However, any poster that did use it (CBO) as a reason to criticize the House plan needs to go back and delete their posts. I suspect we won't be hearing from any of them until tomorrow morning after the Limbaugh show airs so they can have their talking points ready to explain away this one. ;)
You can use CBO estimates as a relative measuring stick. Their estimate for the House plan was an indication that it was going to cost more than Congress and the Admin were hoping, probably a lot more if it became reality. Their preliminary estimate for Baucus' Senate plan is relatively a lot better, even if overly optimistic as is likely the case. What has their House plan estimate to do with their Senate plan estimate?
 
Re: America's Affordable Health Choices Act of 2009 - Part 2 - Deathers vs. Commies

I tend to agree with eLynah (will RichS void my CCT alumni status?? :) ).

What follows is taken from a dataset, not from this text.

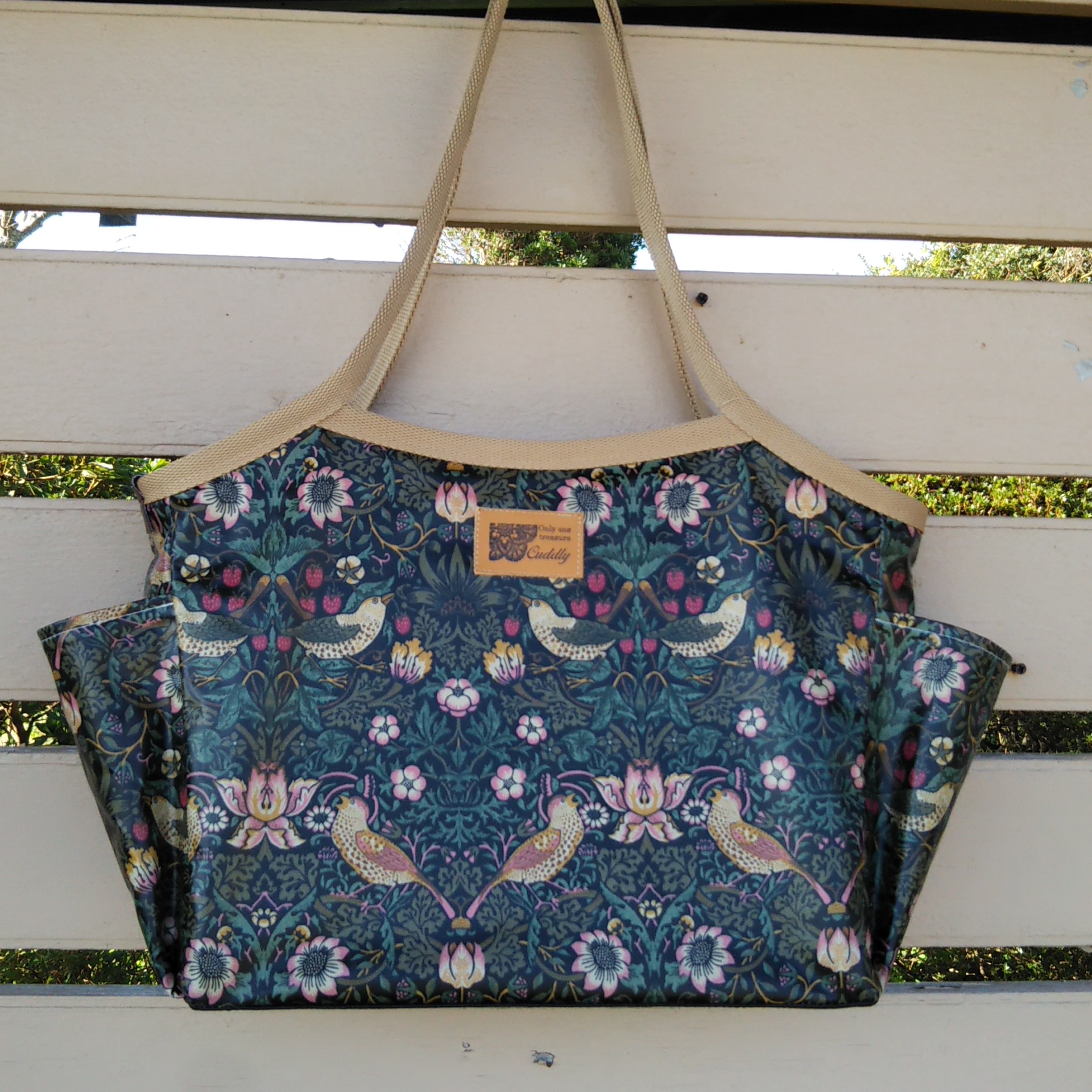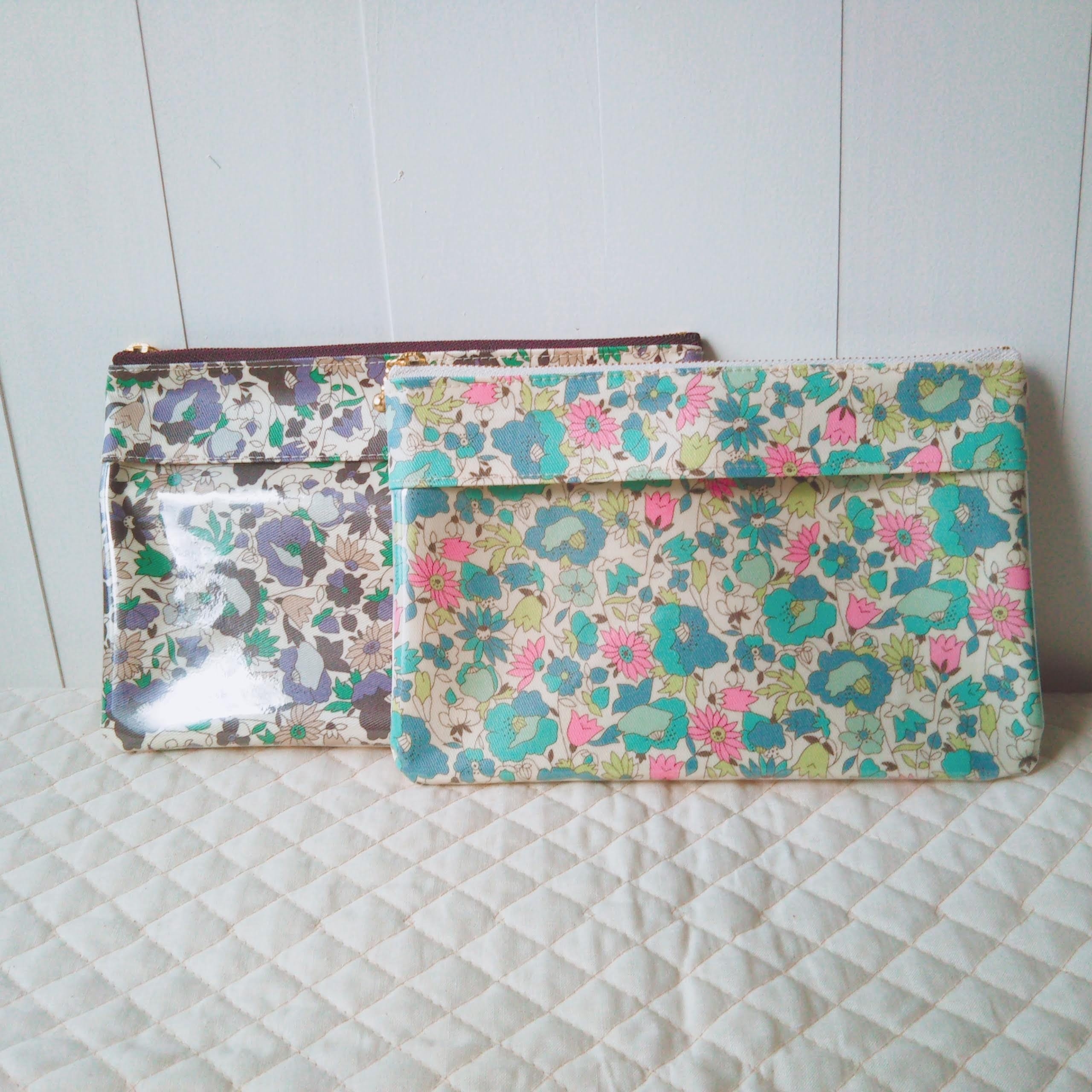 ラミネート生地を中心に使い普段使いしやすいバックやポーチを色々なサイズ柄で多数 用意してお待ちしています。

I, too, work in the federal government. Whenever we get an estimate, our inside joke is that the final cost is double the estimate + 10% more. Unfortunately, with all the change orders that get thrown on, it is too frequently true.

If I could dig up some documents around when Medicare was created, I bet NOBODY thought it would cost this much right now, even adjusted for inflation.

Government should facilitate, but it should never participate. Too bad too many in DC don't believe it.
 
Re: America's Affordable Health Choices Act of 2009 - Part 2 - Deathers vs. Commies


Interesting that the House plan has 94% US coverage and Baucus' plan has 95% US coverage. Using the 30 million US uninsured number that Obama used in his speech last week, and that number may be on the high side, we're probably already at around 90% coverage or close to it.
 
Re: America's Affordable Health Choices Act of 2009 - Part 2 - Deathers vs. Commies

Educating the young = good investment. Paying for expensive treatments that extend overall life expectancy by a few months = luxury. If you can afford it, fine - have a ball. If not, don't use the government to take money from me to pay for it.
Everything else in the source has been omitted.